### [Task instructions]
Restate, exactly as written, the entries below from the line that holds "Viên nang Acnotin" through the line that holds "今の季節は先つけに果物の柿や林檎を使った一品". Pictures are not part of the copy.

### [Data supplied]
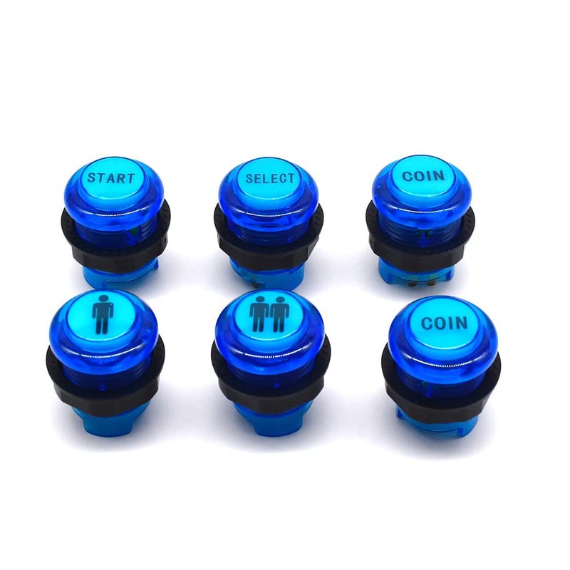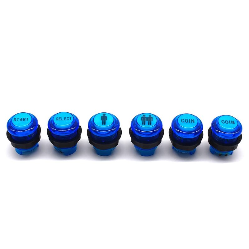 Arcity 6 Pcs/Lot 28mm Arcade LED Push Buttons Illuminated Player 1P 2P Coin Start Select Lit Blue with Microswitch for Arcade Machine Games Console Parts 5V
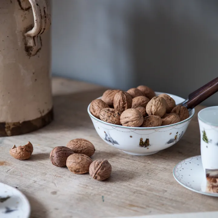 Skål i klassisk utforming i Julemorgen-serien fra norske Wik & Walsøe. Laget av tynt benhvit porselen og dekorert med omsorgsfult utvalgt motiv fra Linda Svedal Walsøes illustrasjoner Skålen i serien Julemorgen lykkes å balansere det moderne med det nostalgiske med sin form og dekor, noe som gjør den egnet til en rekke anledninger i løpet av julen.
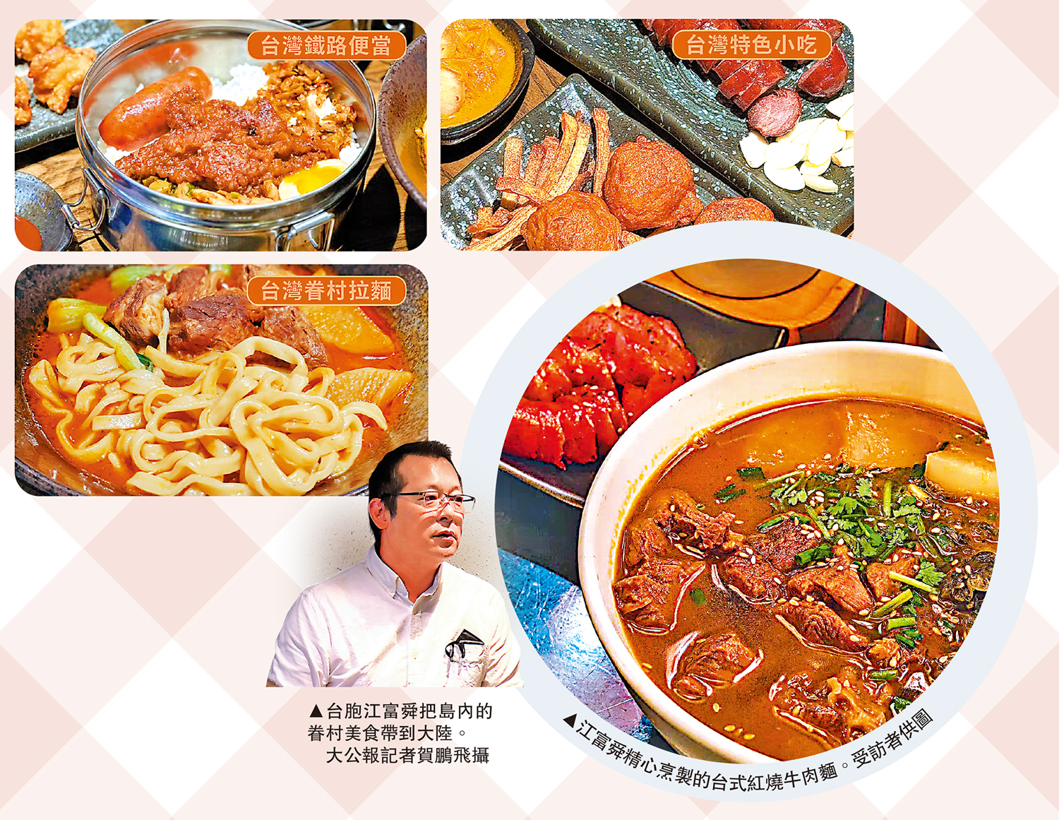 (大公報 記者 賀鵬飛 昆山報道)在台商台胞聚集的江蘇昆山,有一家主打台灣美食的網紅餐廳,開業將近20年,每到飯點都吸引很多台商台胞和本地市民前來「打卡」。它是台灣「眷村三代」江富舜創立的餐飲品牌。十幾年來,江富舜致力於還原記憶中的眷村味道,既讓大陸同胞品嘗到原汁原味的眷村美食,也讓身在大陸打拚的台灣同胞一解舌尖上的鄉愁。
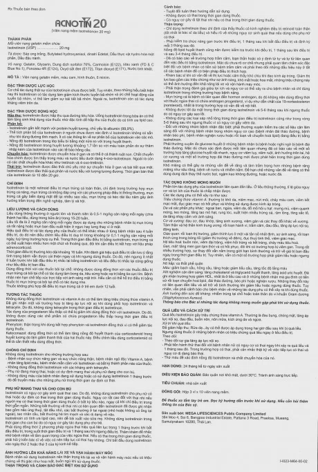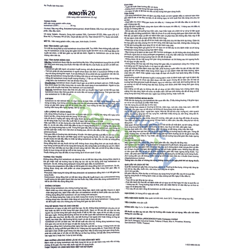 Viên nang Acnotin 20mg điều trị các dạng mụn trứng cá nặng (3 vỉ x 10 viên)
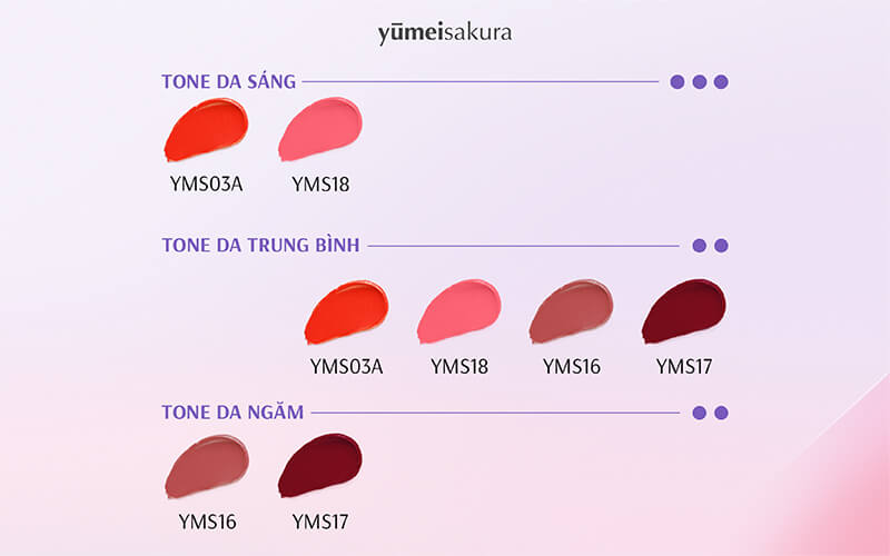Dù bạn thuộc tone da sáng, trung bình hay ngăm, Yumeisakura đều có sắc son tôn lên khí chất riêng, để mỗi cô gái đều tỏa sáng theo cách của mình.
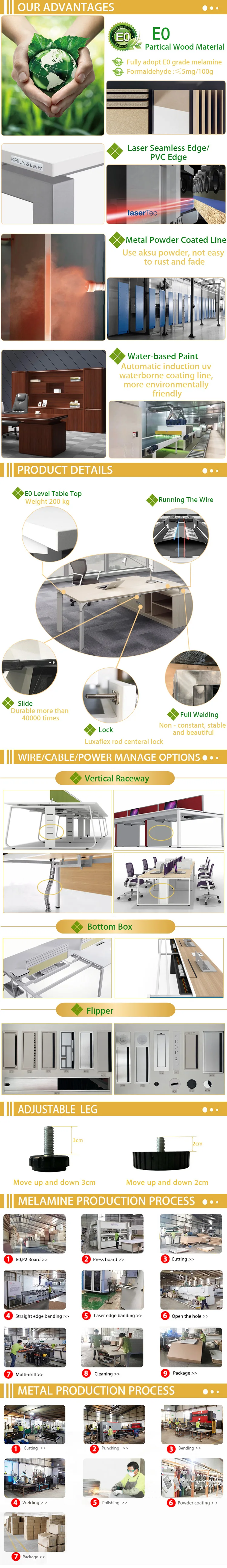 Style: latest modern design Table top: 25mm E0/P2 MFC with 2mmthk PVC edge band or ABS edge band steel Legs: U shape with interpon powder coatedFrame – Full aluminum frame DESCRIPTION: 1. Table top:25mm E0/P2 MFC 2. 2mmthk PVC edge band or ABS edge band steel 3. size:1400*700*750 4.accessories: rail slide
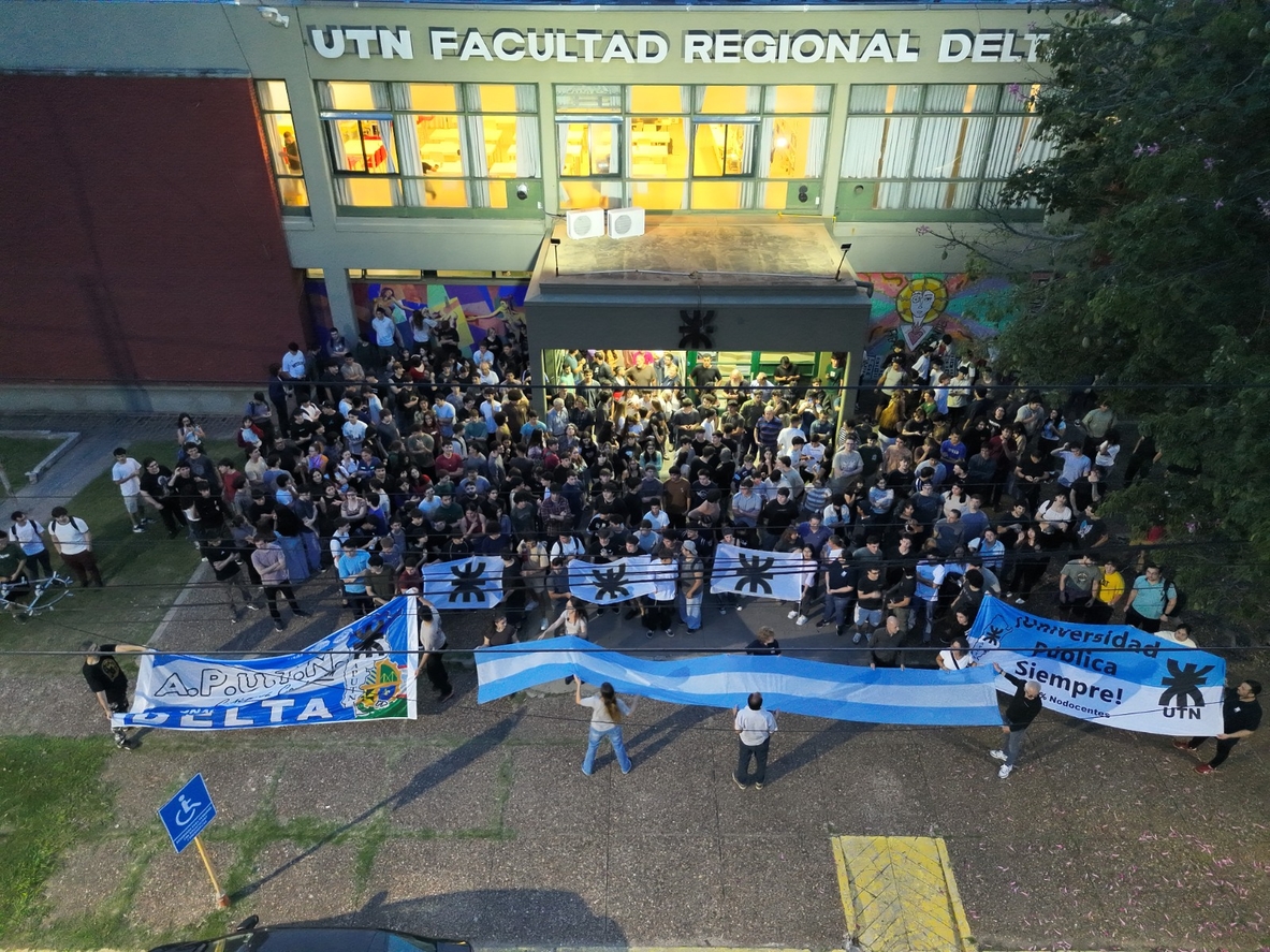 La Universidad Tecnológica Nacional, Facultad Regional Delta (UTN FRD), llevó adelante un banderazo y abrazo simbólico con el objetivo de visibilizar la grave situación que atraviesa el sistema universitario público y exigir el cumplimiento de la Ley de Financiamiento Universitario.
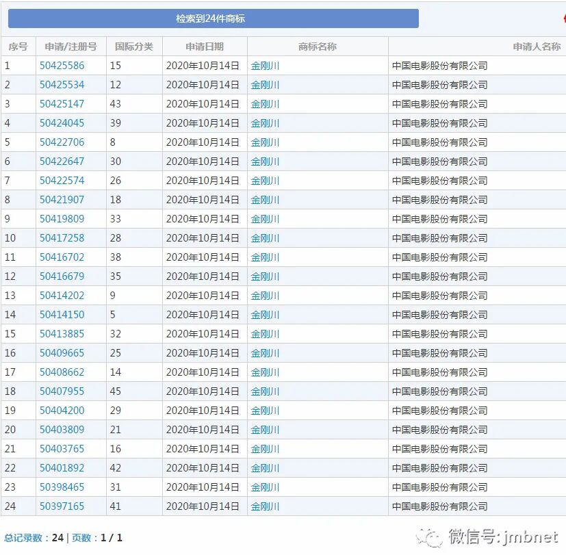 据了解,《金刚川》于10月23日上映,该电影出品方中国电影股份有限公司在2020年10月14日提交申请了24件“金刚川”商标,目前商标状态均为注册申请中。
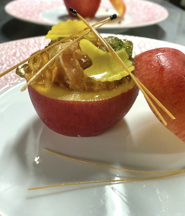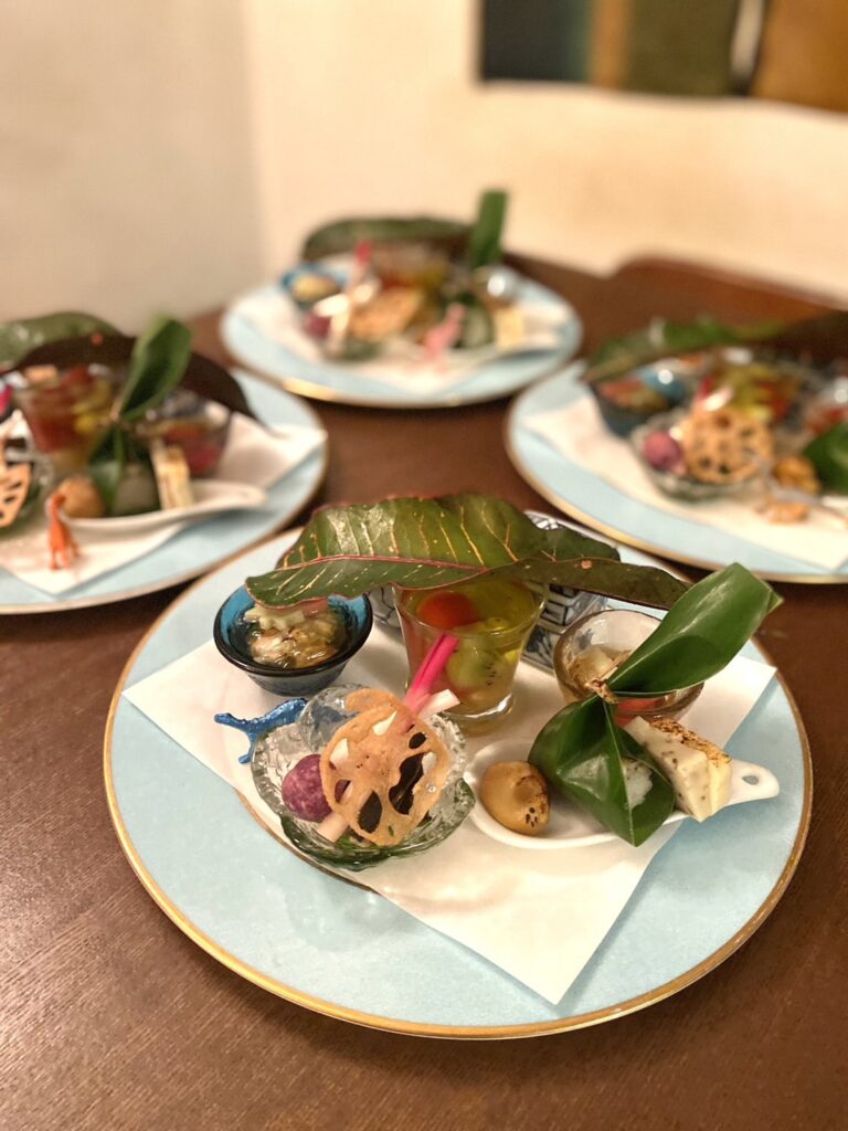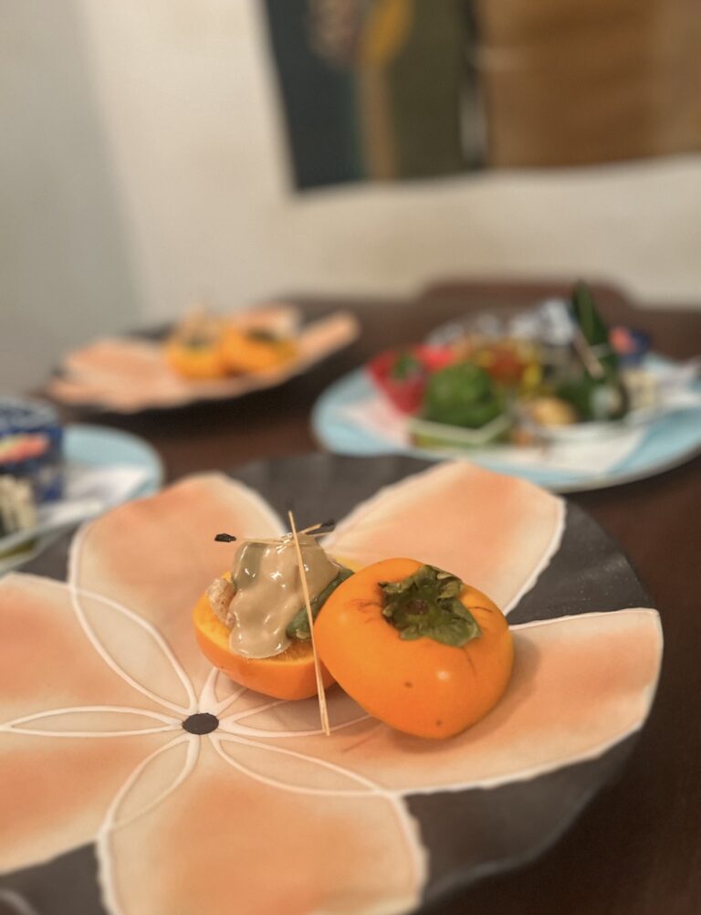 今の季節は先つけに果物の柿や林檎を使った一品
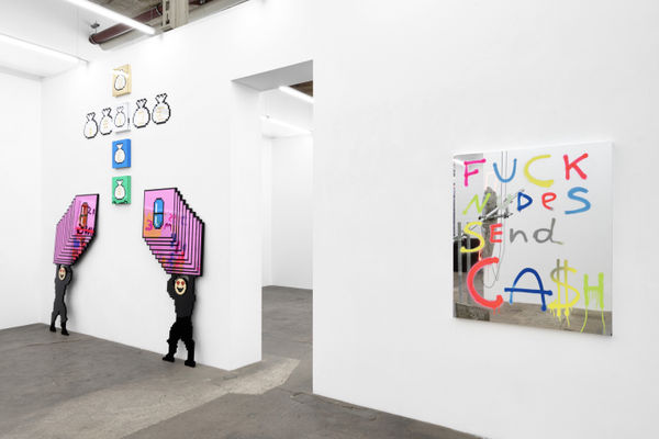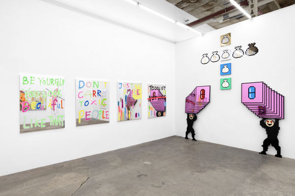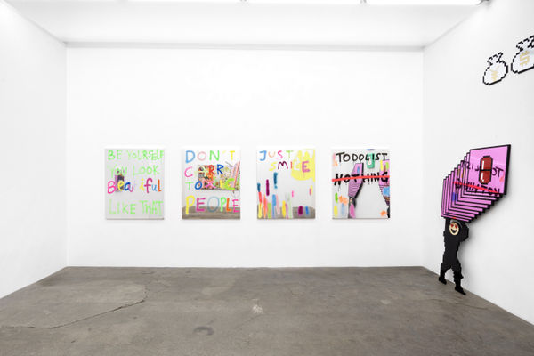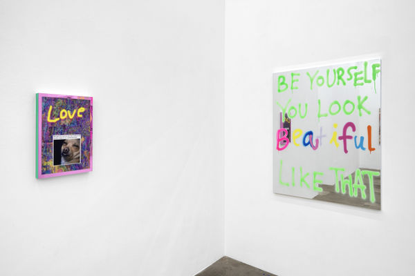 Von Motz expresses himself in a variety of media, from painting to sculpture, object art to installation. Essential for him is to have a reference to the image carrier or object on which he acts upon. Already iconic are his mirror works, for which he combines text and image on mirrors. A strategy that refers, among other cultural backgrounds and phenomena, to the digital meme culture, which in turn ties in with the popular genres and visual strategies of the poster, the comic, and advertising. In his work, the artist mixes the communication strategy of direct address intermedially with the mirror as a pictorial space into which the viewer enters, in which reality and virtuality blur together, and the subject is thrown back onto intimate, psychological levels of self-observation. The moment of introspection and that of transformation appear in a multidimensionality: Freudian (self)questioning appears as well as a re-actualization of mythological narratives such as that of Narcissus, with von Motz's works providing an ironic as well as empathic commentary on a narcissistic society. This society is mirrored here in its collective numbing in the representations within social media. In this sense, von Motz ultimately confronts visitors with the choice of remaining in the dream world controlled by machines or being freed from the simulation. Self Care appears - quite in the ancient tradition - as a complex theme: as a social paradigm, a call to self-care, an everyday life experience and a critical analysis in equal measure.

### [Output of the task]
 Viên nang Acnotin 20mg điều trị các dạng mụn trứng cá nặng (3 vỉ x 10 viên)
Dù bạn thuộc tone da sáng, trung bình hay ngăm, Yumeisakura đều có sắc son tôn lên khí chất riêng, để mỗi cô gái đều tỏa sáng theo cách của mình.
 Style: latest modern design Table top: 25mm E0/P2 MFC with 2mmthk PVC edge band or ABS edge band steel Legs: U shape with interpon powder coatedFrame – Full aluminum frame DESCRIPTION: 1. Table top:25mm E0/P2 MFC 2. 2mmthk PVC edge band or ABS edge band steel 3. size:1400*700*750 4.accessories: rail slide
 La Universidad Tecnológica Nacional, Facultad Regional Delta (UTN FRD), llevó adelante un banderazo y abrazo simbólico con el objetivo de visibilizar la grave situación que atraviesa el sistema universitario público y exigir el cumplimiento de la Ley de Financiamiento Universitario.
 据了解,《金刚川》于10月23日上映,该电影出品方中国电影股份有限公司在2020年10月14日提交申请了24件“金刚川”商标,目前商标状态均为注册申请中。
 今の季節は先つけに果物の柿や林檎を使った一品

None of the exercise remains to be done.